In our experiments, the word embeddings in the user and ad models were initialized by the pre-trained Glove [30] embeddings. The ad ID embeddings are randomly initialized. In the CTR predictor, following Reference [1], we used dot-product as the CTR prediction function. Each self-attention networks had 16 heads, and the output from each head was 16-dimensional, which means that the total hidden dimension is 256. The query vectors in attention networks were also 256-dimensional. Adam [16] was used as the model optimizer (with a learning rate of 1e-3). The batch size was set to 32. The number of epoch is 2. The dropout [38] ratio after each layer was 20%. The strength of Laplace noise \(\lambda _{LDP}\) in the LDP modules was 0.01, and \(\lambda _{DP}\) in the DP module was 0.005. Hyperparamters were tuned on the validation set. To evaluate the model performance, on the Ads dataset, we used AUC and AP as the metrics. We reported the average results of 10 independent experiments.
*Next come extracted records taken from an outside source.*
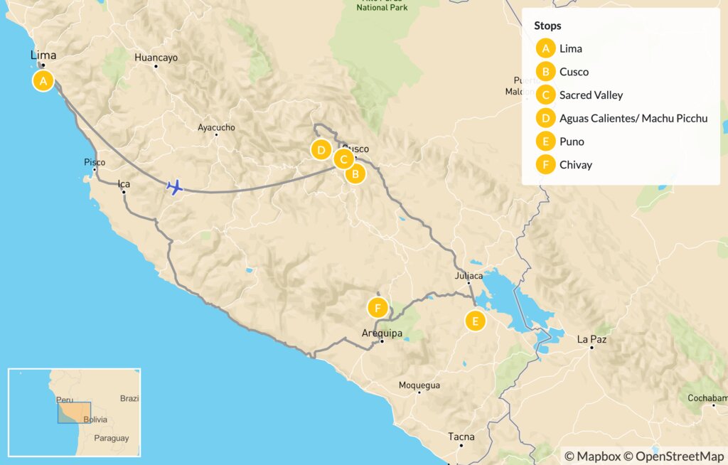 Map of Luxury Peru Train Adventure: Cusco, Machu Picchu & Lake Titicaca – 7 Days
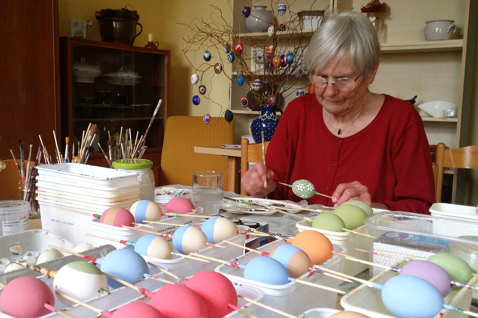 Lydia Meinhardt fängt schon Anfang des Jahres mit dem Ostereier bemalen an, denn sie beliefert das ganze Dorf.
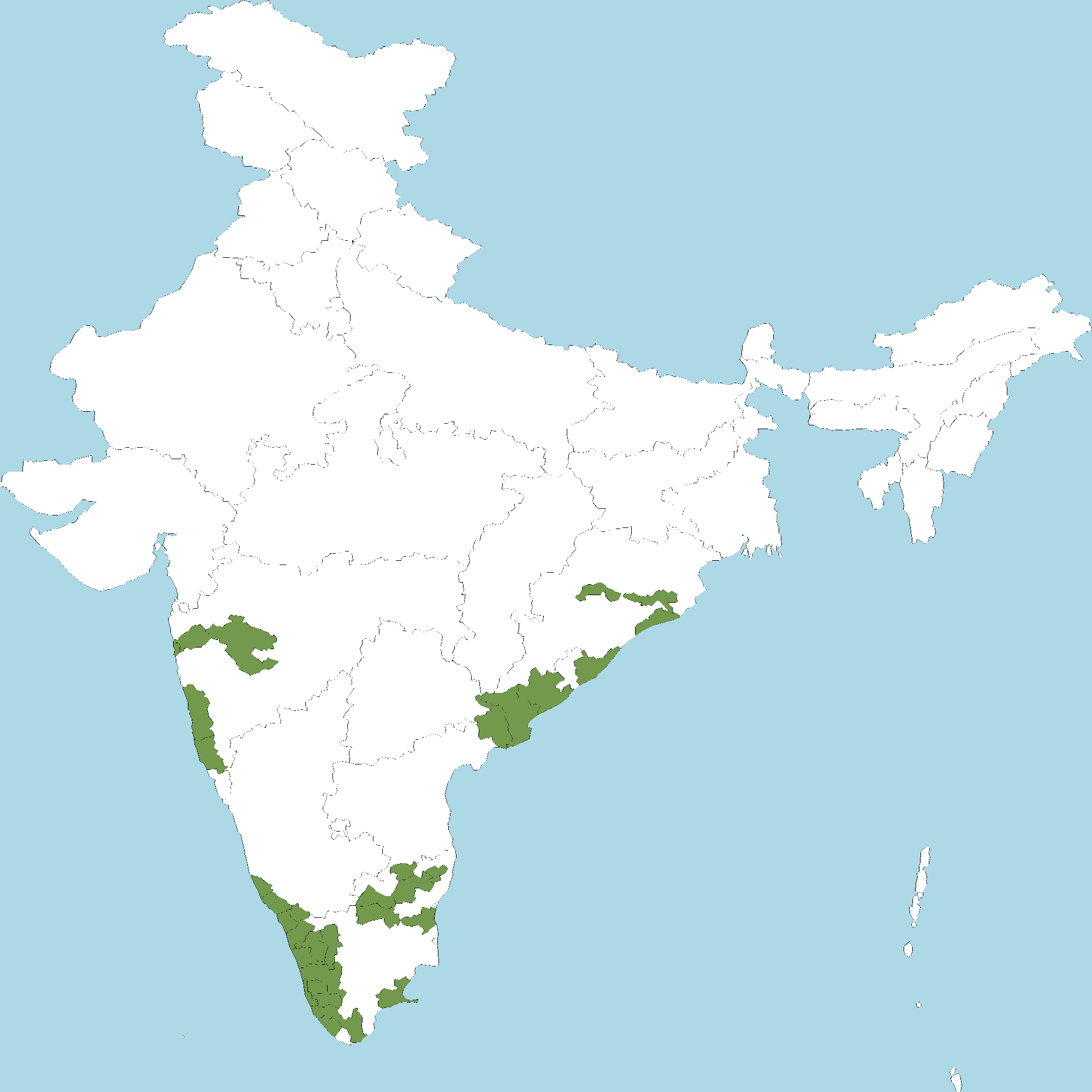 - Kerala : All districts of Kerala
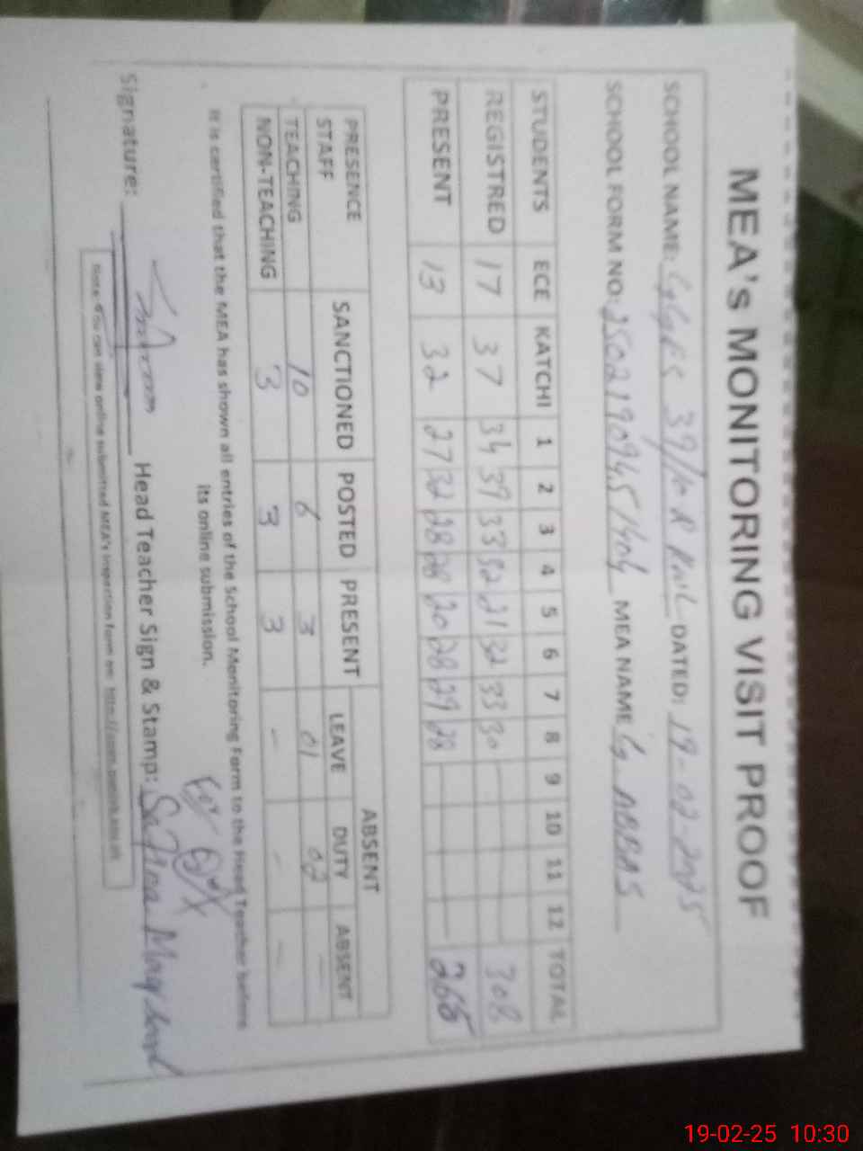| Attendance Register | Head Teacher | MEA with School | Visit Proof |
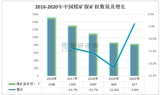 2016年以來,中國煤礦探礦權(quán)逐年減少,截止2020年底,中國有煤礦探礦權(quán)827個,較2019年減少33個,同比下降3.8%。
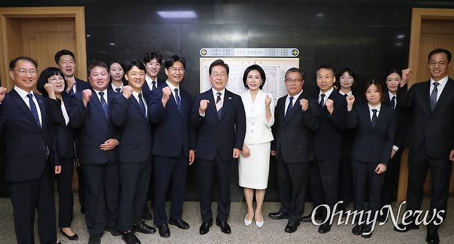 | ▲ 이재명 대통령과 부인 김혜경 여사가 4일 오전 서울 여의도 국회의사당에서 제21대 대통령 취임선서식을 마친 뒤 방호과 직원들과 만나고 있다. |
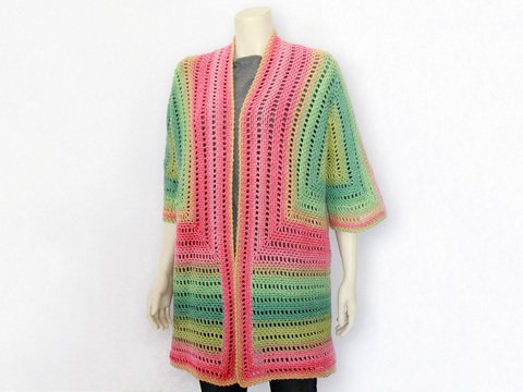 Die Stola ist in Breite und Höhe variierbar. Mit dem im Original verwendeten Garn hat sie nach dem Spannen eine Größe von ca. 200 x 47 cm (diese Zahl ist nur ein Richtwert).
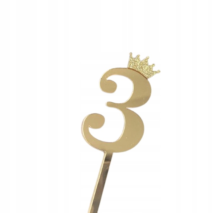 TOPPER DEKORACJA NA CIASTO TORT 3 ZŁOTA KORONA BROKAT URODZINY DEKORACJA
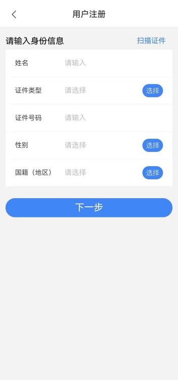 进入身份信息采集页面。身份信息采集可以通过手动输入姓名、证件类型、证件号码、性别、国籍等信息或通过点击右上角“扫描证件”,进入证件扫描界面,按提示进行证件扫描。

4.2 CTR Prediction Performance

We compare the performance of FedCTR with several baseline methods, include:

•

LR [3, 37], logistic regression, a widely used method for ads CTR prediction. We used ad IDs and the TF-IDF features extracted from the texts of behaviors and ads as the input.

•

FM [35], factorization machine, which is a popular method for CTR prediction. We used the same features as LR.

•

Wide&Deep [5], a popular CTR prediction method with a wide linear part and a deep neural part. Same features with LR were used.

•

PNN [33], product-based neural network for CTR prediction, which can model the interactions between features.

•

DSSM [13], deep structured semantic model, a famous model for CTR prediction and recommendation.

•

DeepFM [10], a combination of factorization machines and deep neural networks for CTR prediction.

•

DIN [45], deep interest network for CTR prediction. We use the same ad and behavior models with our approach to learn ad and behavior features.

•

DIEN [44], deep interest evolution network for CTR prediction. Same ad and behavior features with DIN are used.

•

DIFM [23], a dual input-aware factorization machine for CTR Prediction. Same ad and behavior features are used.

•

NativeCTR [1], a neural native ads CTR prediction method based on attentive multi-view learning.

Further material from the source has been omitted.